The Median-Median Line

 

Open the file MedMed.xls.  The data show the protein and iron in a 100-gram “prepared” serving of various “foods.”

 

Make a scatterplot of the data.  Use protein on the horizontal axis and iron on the vertical axis.  Be sure your axes are labeled, and that your scatterplot has a title.  Note that there appears to be a small, negative correlation but that there also appears to be an outlier.  Find the correlation coefficient of the data [command:  =correl(dataset1, dataset2), where you enter the cell addresses for the two data sets].  Since the correlation is fairly small, we could think of the amount of iron in a serving of any of these foods as “about the same.”  Which measure of center would be a better description of the amount of iron, and why?  Fill in the “mean” and “median” blocks in the “iron” column, then write your answer in the yellow text box.

A few days ago we saw (in Anscombe’s data) two data sets that were exactly linear except for an outlier (one was a vertical line), and we saw that the calculator’s and Excel’s regression lines were not a good fit—and the outliers caused the problem!  That calls into question the validity Excel’s “trendline” in describing the “food” data in your scatterplot (probably only a horizontal line should describe this particular data, but the argument holds for any data set with an outlier).  You will now construct a regression line using median values, rather than means, as follows (this is easily done as a paper-and-pencil drill, but I want you to do it all in Excel for practice).

1.      Re-write list in order, from least protein amount per serving to greatest.  To have Excel sort the list for you, highlight the data (including the header row), then click on Data/Sort and select the “protein” column in the “sort by” box. 

2.      Divide the data list into equally-sized groups (since there are 12 points, each group should have four numbers; if the list size is not a multiple of three, keep the first and last groups the same size and have the middle group be larger or smaller by one).  You might “color code” the groups of four on the spreadsheet…

3.      For each group, find the median values from both lists.  Enter formulas for the values in the yellow boxes below the data.

4.      Find the slope of the line passing through the first and third median pairs.  Write the formula in the blue box next to the median points, then write the equation of that line, in the form y = mx + b (or “iron” = m´“protein” + b), in the blue text box.
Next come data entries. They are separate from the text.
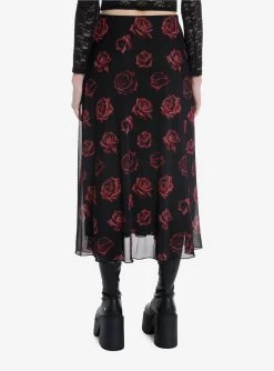 Cosmic Aura Red Rose Mesh Midi Skirt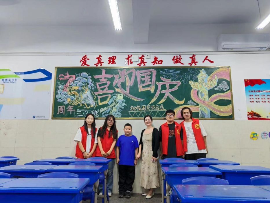 9月29日,国庆佳节来临之际,音乐教育学院师生积极行动,前往合肥市五十中学校寿县分校,开展绘制《喜迎国庆,爱我中华》主题黑板报活动。本次活动由学院辅导员蔡娜娜老师带队,参与人员为音乐教育学院部分学生及五十中学校寿县分校的师生。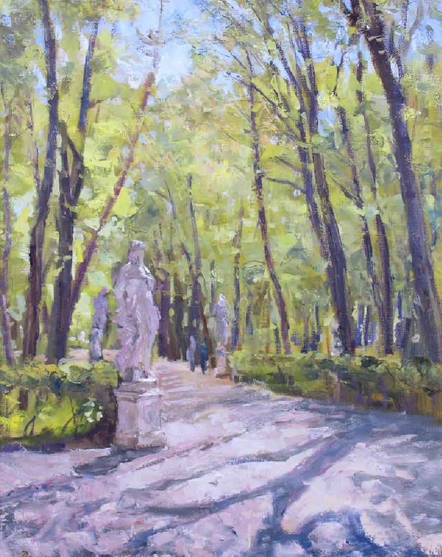 Unclearly Signed 20x16 O/C Garden Path, Statues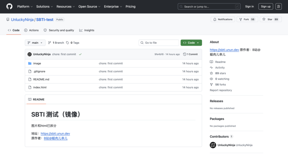 项目链接:https://github.com/UnluckyNinja/SBTI-test

5.      Substitute the middle median-protein value for x in the equation for your line, and obtain ỹ.  Subtract ỹ from the middle median-iron value and divide the result by 3.  Add this value to the b from your equation, to get a new equation y = mx + b1  (if ymed is the middle median-iron value, and xmed is the middle median-protein value, then ỹ = m xmed + b, and b1 = b + (ymed - ỹ)/3.
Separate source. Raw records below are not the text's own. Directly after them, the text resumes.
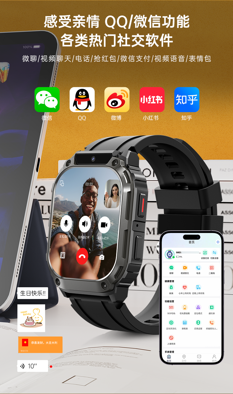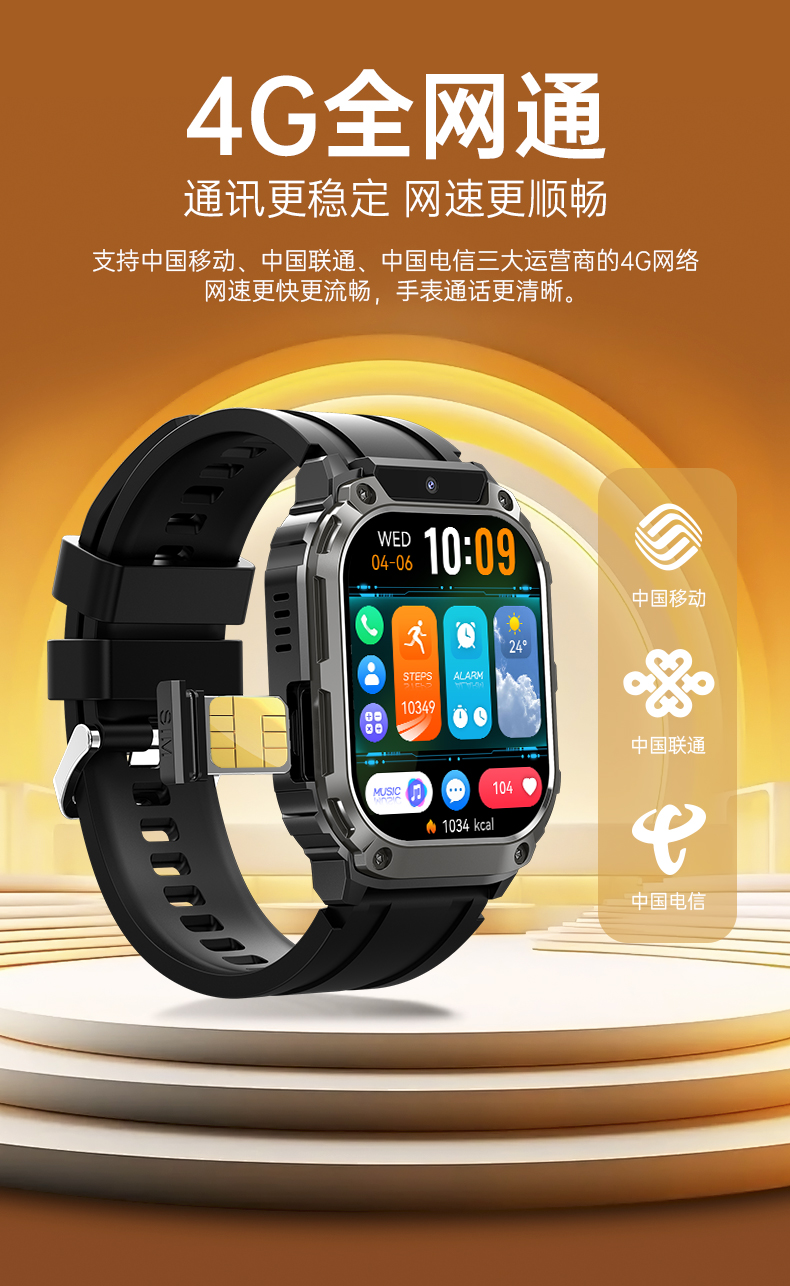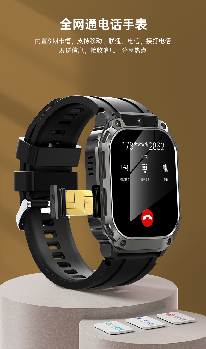 【内置SIM卡槽 200w高清像素 IP67级防水】Q39 4G全网通插卡电话手表 2+16G ds(qy)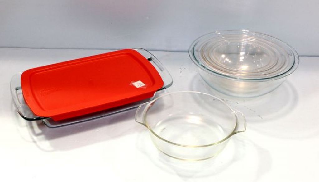 Group of four Pyrex graduated bowls, round Pyrex casserole & rectangular Pyrex dish Group of four Pyrex graduated bowls, round Pyrex casserole & rectangular Pyrex dish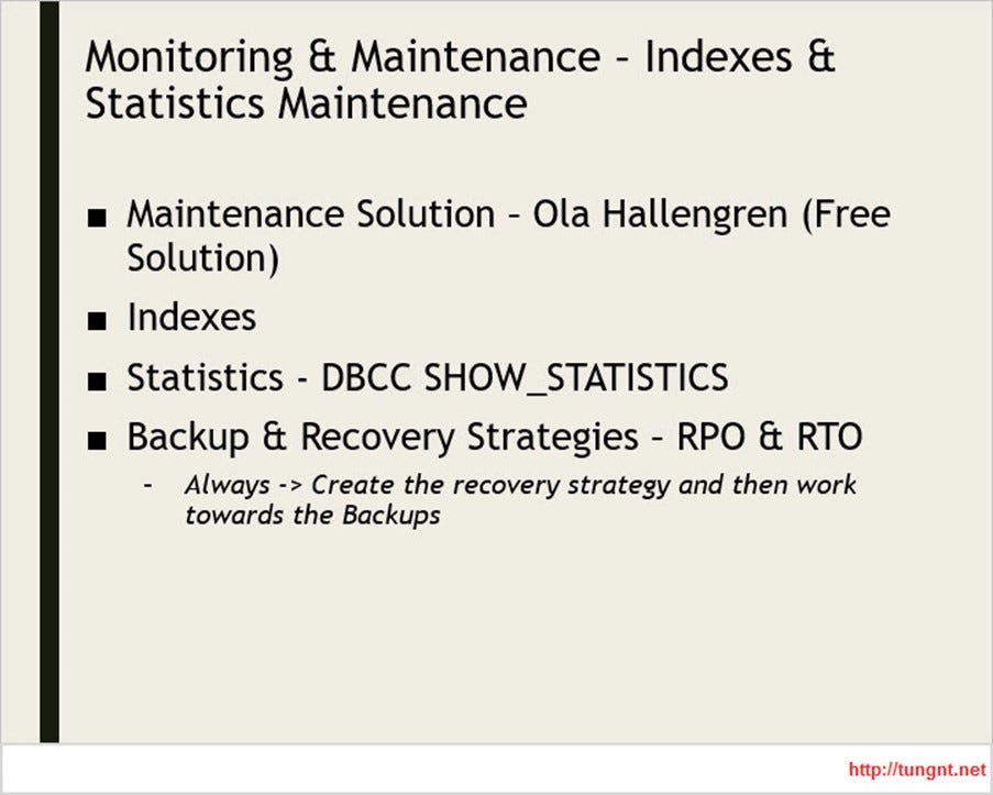 ưu hóa trong việc quản trị SQL database: Phần này Raluca nhấn mạnh vào vấn đề Monitoring & Maintenance plan, Backup & Recovery Strategies, đồng thời có chỉ ra bộ script maintenance cô hay dùng của tác giả Ola Hallengren vô cùng hữu ích, các bạn có thể download bộ script này ở đây.

6.      This new line now misses all three median pairs, but it should be a pretty good fit for the data.  (The dividing by 3 routine sort of leaves two thirds of the “error” on the middle median point, with one third on the other side of the line for the two end median points, for essentially the same “error” on either side of the line).  To get a graph of the line, fill down in the Med-Med Prediction column, with the formula “=m*(protein cell address) + b1”, where m is the slope of your line and b1 is the adjusted b from your initial equation.  On your original scatter plot, go to Chart/Source Data and add the new column, or generate a new scatter plot using the actual data and your prediction.  You can make your plot fancier by right-clicking on the “predicted” data and changing the format to show Line: Auto and Marker: None…


The line you have just obtained is called the median-median line.  Your calculator knows how to find the median-median line, too; enter the data with protein in L1 and iron in L2 (clear the lists first!), then press STAT/CALC/3:Med-Med/L1,L2,VARS/Y-VARS/ Function/1/ENTER.  Compare the equation generated by the calculator with your equation… if they don’t match, you either made a data entry error on the calculator, or you made a computation error with Excel.

 

Now, obtain Excel’s trendline (right-click on an actual data point in your scatter plot, then click on “add trendline”).  Notice that the outlier pulls the computer-generated trendline up out of the cloud of data points, so that in fact the line you generated by hand and calculator does a better job for most of the data pairs!

 

The equation of Excel’s trendline is y = -0.38x + 15.069.  Fill down this formula in the “Trendline Prediction” column.  Then, enter formulas for the absolute errors for each prediction in the indicated columns.  Formulas for absolute error: =abs(actual – predicted), where the cell addresses of the actual and predicted data points are included.  Find the mean of each column.

 

What your lab report should include:  All colored boxes on the spreadsheet should be filled in.  Use formulas in the spreadsheet cells (don’t calculate any values and just copy the value into the cells… make Excel do all the calculations for you).  Write your original equation from step 4, and your new median-median equation from step 5 in the blue textbox.  On the same sheet, show the Excel graph with data, median-median line, and Excel’s “trendline.”  Write a paragraph (in a separate text box) comparing the median-median line with the “informal visual approach” (eye-balling a good line) and Excel’s trendline.  Discuss when one might be appropriate over another, and (as the authors of the text like to do) use the term “robustness” in your comparisons.  Be sure to mention the mean absolute errors in your discussion.